**ASSIGNED TASK:**
Omit every picture, then return each line of the data below exactly.
Segment Start: COLLECTED MATERIAL
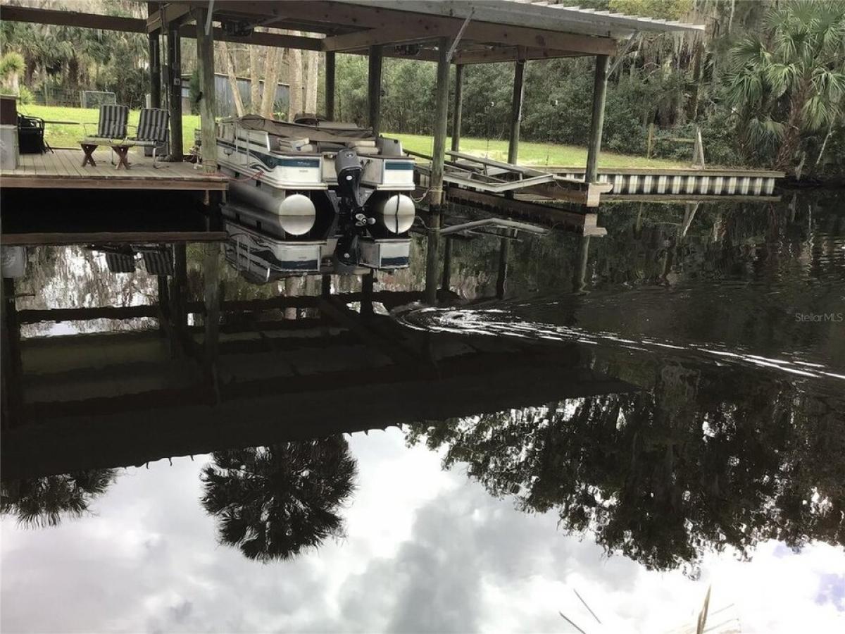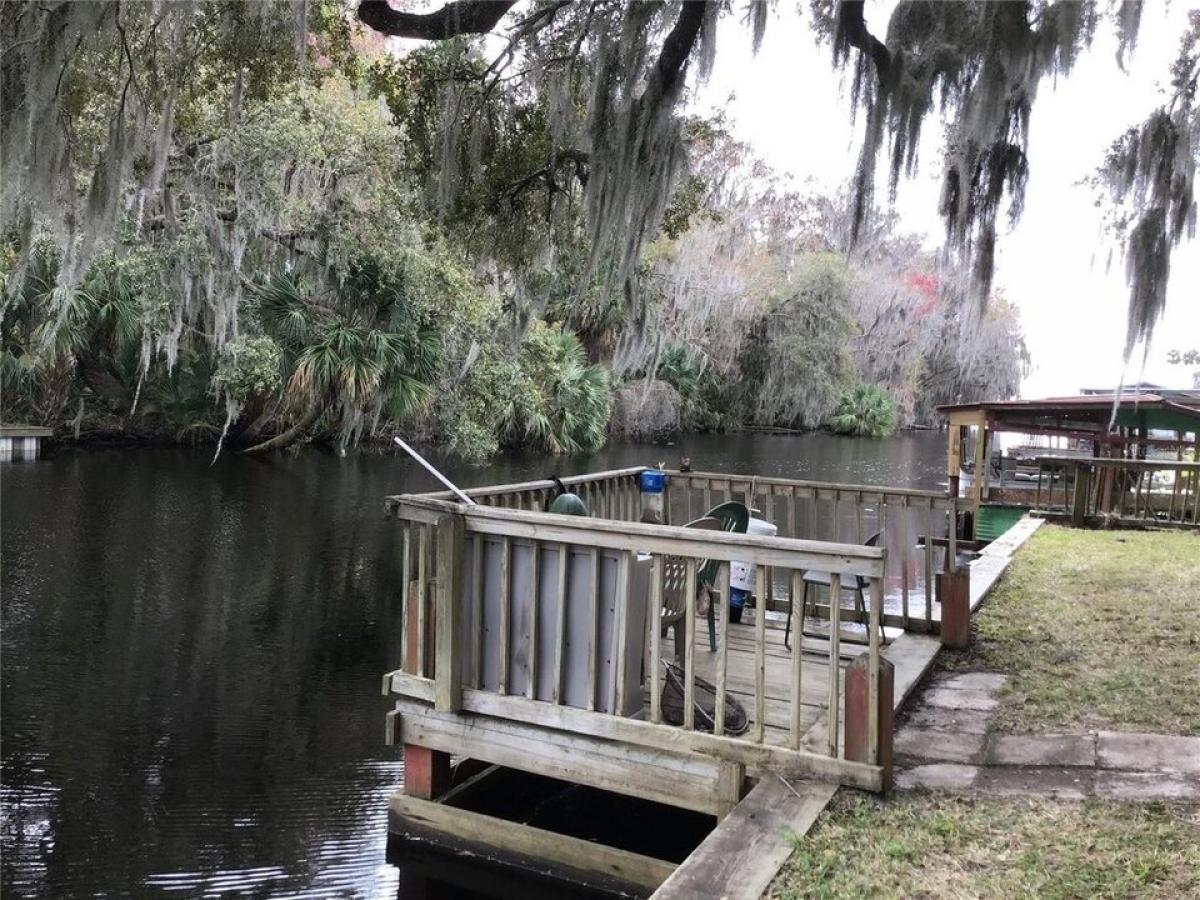 All you need to bring are your clothes and food to start enjoying a relaxing lifestyle on this freshwater canal home on a double lot. The canal leads into Lake George, the second largest lake in Florida. The St. Johns River runs through Lake George flowing north to Jacksonville where you can enter the Intracoastal Waterway or the Atlantic Ocean. If you enjoy fishing or boating, it#039;s only a few steps from your wrap around porch to the boat house with lift. You may just enjoy relaxing on the porch, drinking your morning cup of coffee or in the afternoon or evening you can relax in the hot tub. Most of the furnishings are included to make you move easier. The open floor plan shown in the photos speak for themselves. The kitchen has a brick accent wall around the stove and hood and the commercial grade stainless steel refrigerator are quite impressive. The kitchen island has under counter storage and is adjacent to the family room and dining room creating an easy flow space for entertaining. The master bedroom ensuite has a garden tub, double sink and separate shower. Both the master bedroom and guest bedroom have knock-out windows for safety in case of fire. The utility room is located off the kitchen area with washer/dryer hook up and storage. There is also washer/dryer hook up in the 900 square foot garage which also has bathroom and workshop. There is parking space for one vehicle or parking for an ATV, lawn mower, golf cart, etc. The wrap around porch increases the living space from 1735 square feet in the home to a total of 2740 square feet. The majestic oak tree is a focal point of the backyard. After you come back in from spending the day on the lake fishing, step over to the fish cleaning table to clean your catch of the day and then head over to the outdoor kitchen to cook your dinner. Sit around the picnic table under the oak tree while eating your dinner and watch the scenery of the canal and the woods across on the other side of the canal . You never know what you might see. While making the pictures, an otter swam by. Come sit on the porch or dock and see for yourself how picturesque, peaceful and quiet it is on the water.
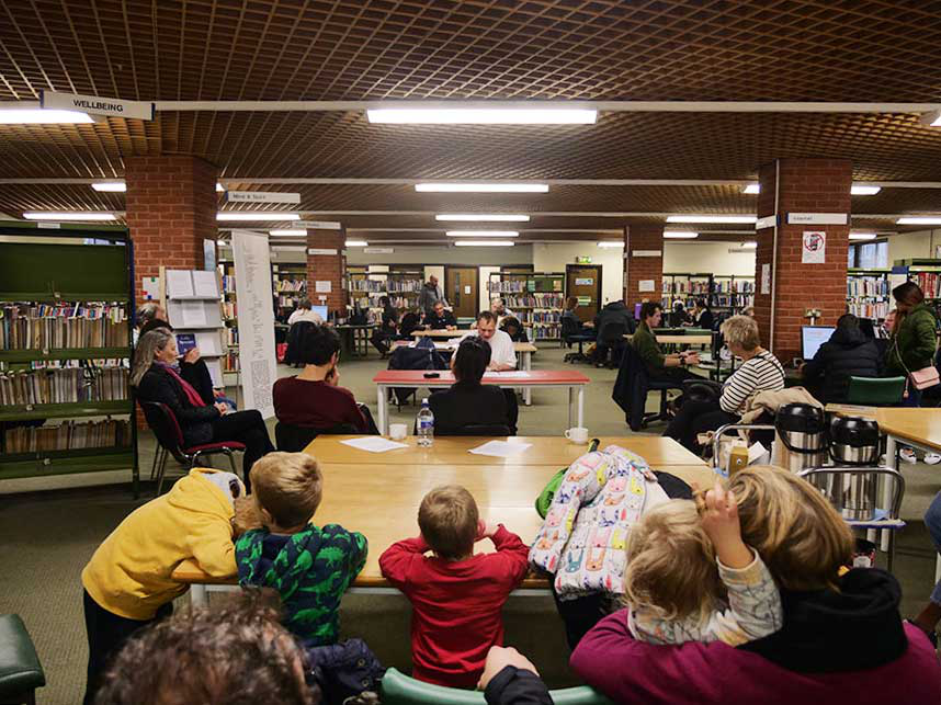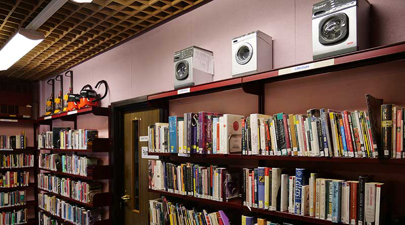 Another example of how through careful placement and programming we have started an ongoing conversation with both the local and international community can be seen in a project that London and Brussels based artist Ghislaine Leung developed from a six-month project staged at the local Reading Central Library. For ‘reading in Reading’, artists David Raymond Conroy, Ghislaine Leung, Cally Spooner and Jesper List Thomsen[48], were invited to respond to the hosting institution, the Reading Central Library through the use of various narrative structures. The artist, on working in the library, became acutely aware of the difficult and sensitive situation of council-run libraries in times of austerity and council cuts to libraries and their services, and as has been experienced in Reading, where opening hours, events and stock have been drastically reduced. This is happening a the same time as the University of Reading is investing into the university library, refurbishing, and re-stocking resources. Collectively the artists created and wrote what they named a ‘SUPERSTRUCTURE’, a framing device which hosted the group’s activities and operated as a tool to devise a number of expanded readings, events which took place over the course of six months. The ‘Superstructure’ launched Reading Central Library’s external amphitheatre, performed by a group of teenagers from a local drama group following a workshop with the artists and published in the local newspaper Reading Chronicle.[49] Over the course of six months, artist Cally Spooner worked with the teenagers again to create a jingle for the local library, which was produced and broadcast by local TV station BBC Radio Berkshire and played once a day at the library, as an ‘intangible’ public artwork and a practical advertisement for library services. Jesper List Thomsen spent time in residence at the Reading School of Art and worked with students to create a new painting and public artwork, installed as a tabletop in Reading Central Library, replacing an existing top for a 12-week duration. The painting/table played host to a series of readings by the group of artists over the course of the project, but also functioned as a table in the day-to-day life of the library. The project of Local Studies artist Ghislaine Leung was installed on the first and second floors of the Central Library, and featured duplicate materials from Reading’s Toy Library, Audio and Reference Collections, which were presented on library furniture. In order to borrow materials from the Toy Library for the exhibition’s duration, new toys were bought to replace and add to the loaned ones, which then entered into the library’s collection after exhibition. These materials collectively formed a new work by Leung, ‘Public Sculpture’, which became available for exhibition loan from the Toy Library after the closing of the exhibition, as well as each individual toy being available for standard library loan. A unique catalogue publication by Leung is being developed in collaboration with students from the University of Reading following a writing workshop and including photos of the exhibition to be made available for reference only in the Local Studies Collection after the exhibition. Following the exhibition and subsequent reviews,[50] Ghislaine promoted the project to a number of international exhibition projects. Most notably, ‘Public Sculpture’ was loaned by Fri Art, Centre d’Art Contemporain, Fribourg[51] for an exhibition that addressed ‘working conditions, hierarchies, security, the authority of institutions, that of a position, status, solidarity, injustice, precariousness, circulations, endangerment, deconstruction, manipulation, flight, submission, independence, power or again representation’.[52] Public Sculpture was loaned by the gallery for an exhibition fee of £300 paid to the library, thus enabling the gallery to produce a small income.[53] As Library manager Simon Smith confirmed, this comparably small amount makes a difference to the library. [54]
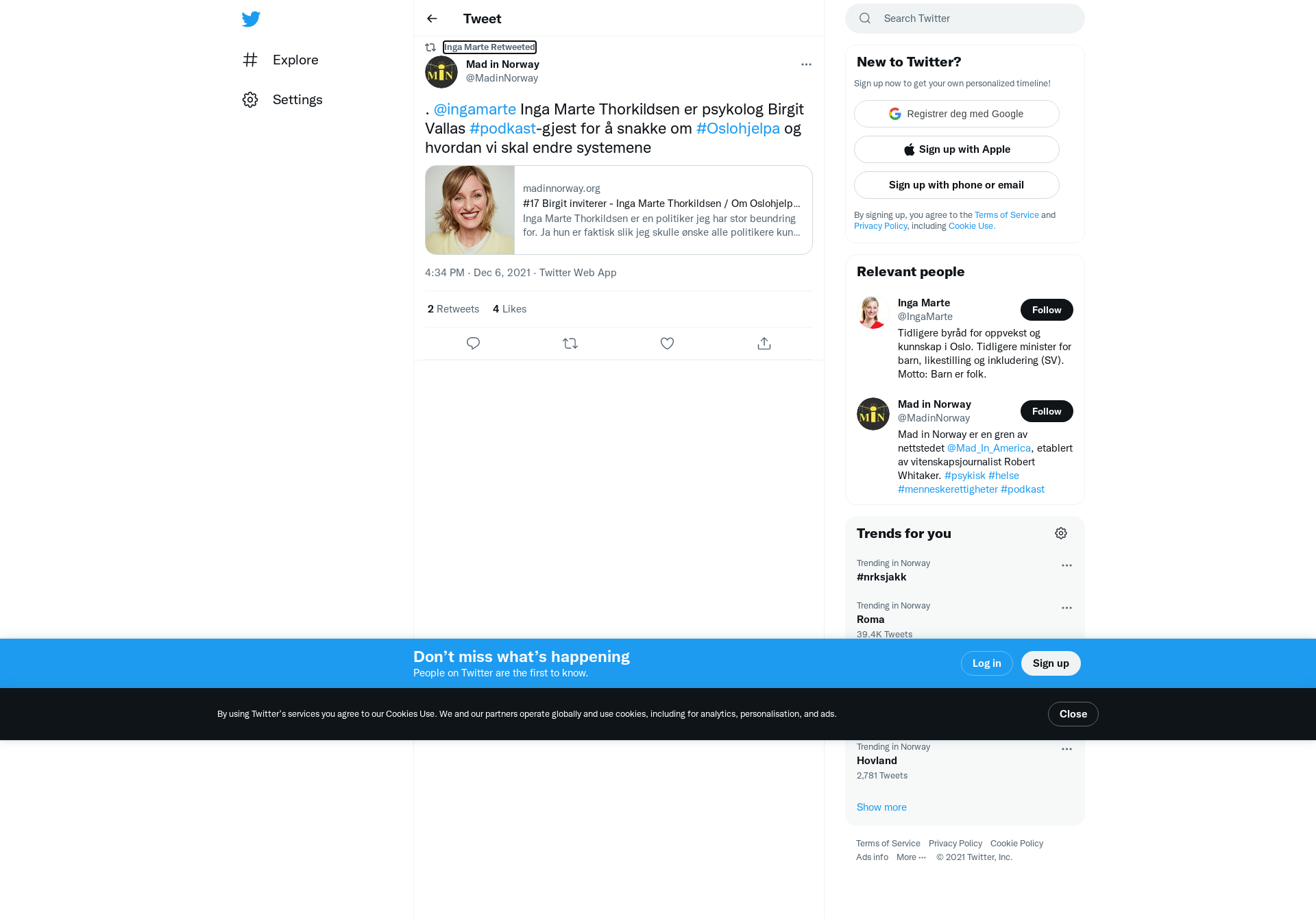 RT @MadinNorway: . @ingamarte Inga Marte Thorkildsen er psykolog Birgit Vallas #podkast-gjest for å snakke om #Oslohjelpa og hvordan vi skal endre systemene https://t.co/rwLq18ysTL
Segment End: COLLECTED MATERIAL
**EXERCISE SOLUTION:**
 All you need to bring are your clothes and food to start enjoying a relaxing lifestyle on this freshwater canal home on a double lot. The canal leads into Lake George, the second largest lake in Florida. The St. Johns River runs through Lake George flowing north to Jacksonville where you can enter the Intracoastal Waterway or the Atlantic Ocean. If you enjoy fishing or boating, it#039;s only a few steps from your wrap around porch to the boat house with lift. You may just enjoy relaxing on the porch, drinking your morning cup of coffee or in the afternoon or evening you can relax in the hot tub. Most of the furnishings are included to make you move easier. The open floor plan shown in the photos speak for themselves. The kitchen has a brick accent wall around the stove and hood and the commercial grade stainless steel refrigerator are quite impressive. The kitchen island has under counter storage and is adjacent to the family room and dining room creating an easy flow space for entertaining. The master bedroom ensuite has a garden tub, double sink and separate shower. Both the master bedroom and guest bedroom have knock-out windows for safety in case of fire. The utility room is located off the kitchen area with washer/dryer hook up and storage. There is also washer/dryer hook up in the 900 square foot garage which also has bathroom and workshop. There is parking space for one vehicle or parking for an ATV, lawn mower, golf cart, etc. The wrap around porch increases the living space from 1735 square feet in the home to a total of 2740 square feet. The majestic oak tree is a focal point of the backyard. After you come back in from spending the day on the lake fishing, step over to the fish cleaning table to clean your catch of the day and then head over to the outdoor kitchen to cook your dinner. Sit around the picnic table under the oak tree while eating your dinner and watch the scenery of the canal and the woods across on the other side of the canal . You never know what you might see. While making the pictures, an otter swam by. Come sit on the porch or dock and see for yourself how picturesque, peaceful and quiet it is on the water.
 Another example of how through careful placement and programming we have started an ongoing conversation with both the local and international community can be seen in a project that London and Brussels based artist Ghislaine Leung developed from a six-month project staged at the local Reading Central Library. For ‘reading in Reading’, artists David Raymond Conroy, Ghislaine Leung, Cally Spooner and Jesper List Thomsen[48], were invited to respond to the hosting institution, the Reading Central Library through the use of various narrative structures. The artist, on working in the library, became acutely aware of the difficult and sensitive situation of council-run libraries in times of austerity and council cuts to libraries and their services, and as has been experienced in Reading, where opening hours, events and stock have been drastically reduced. This is happening a the same time as the University of Reading is investing into the university library, refurbishing, and re-stocking resources. Collectively the artists created and wrote what they named a ‘SUPERSTRUCTURE’, a framing device which hosted the group’s activities and operated as a tool to devise a number of expanded readings, events which took place over the course of six months. The ‘Superstructure’ launched Reading Central Library’s external amphitheatre, performed by a group of teenagers from a local drama group following a workshop with the artists and published in the local newspaper Reading Chronicle.[49] Over the course of six months, artist Cally Spooner worked with the teenagers again to create a jingle for the local library, which was produced and broadcast by local TV station BBC Radio Berkshire and played once a day at the library, as an ‘intangible’ public artwork and a practical advertisement for library services. Jesper List Thomsen spent time in residence at the Reading School of Art and worked with students to create a new painting and public artwork, installed as a tabletop in Reading Central Library, replacing an existing top for a 12-week duration. The painting/table played host to a series of readings by the group of artists over the course of the project, but also functioned as a table in the day-to-day life of the library. The project of Local Studies artist Ghislaine Leung was installed on the first and second floors of the Central Library, and featured duplicate materials from Reading’s Toy Library, Audio and Reference Collections, which were presented on library furniture. In order to borrow materials from the Toy Library for the exhibition’s duration, new toys were bought to replace and add to the loaned ones, which then entered into the library’s collection after exhibition. These materials collectively formed a new work by Leung, ‘Public Sculpture’, which became available for exhibition loan from the Toy Library after the closing of the exhibition, as well as each individual toy being available for standard library loan. A unique catalogue publication by Leung is being developed in collaboration with students from the University of Reading following a writing workshop and including photos of the exhibition to be made available for reference only in the Local Studies Collection after the exhibition. Following the exhibition and subsequent reviews,[50] Ghislaine promoted the project to a number of international exhibition projects. Most notably, ‘Public Sculpture’ was loaned by Fri Art, Centre d’Art Contemporain, Fribourg[51] for an exhibition that addressed ‘working conditions, hierarchies, security, the authority of institutions, that of a position, status, solidarity, injustice, precariousness, circulations, endangerment, deconstruction, manipulation, flight, submission, independence, power or again representation’.[52] Public Sculpture was loaned by the gallery for an exhibition fee of £300 paid to the library, thus enabling the gallery to produce a small income.[53] As Library manager Simon Smith confirmed, this comparably small amount makes a difference to the library. [54]
 RT @MadinNorway: . @ingamarte Inga Marte Thorkildsen er psykolog Birgit Vallas #podkast-gjest for å snakke om #Oslohjelpa og hvordan vi skal endre systemene https://t.co/rwLq18ysTL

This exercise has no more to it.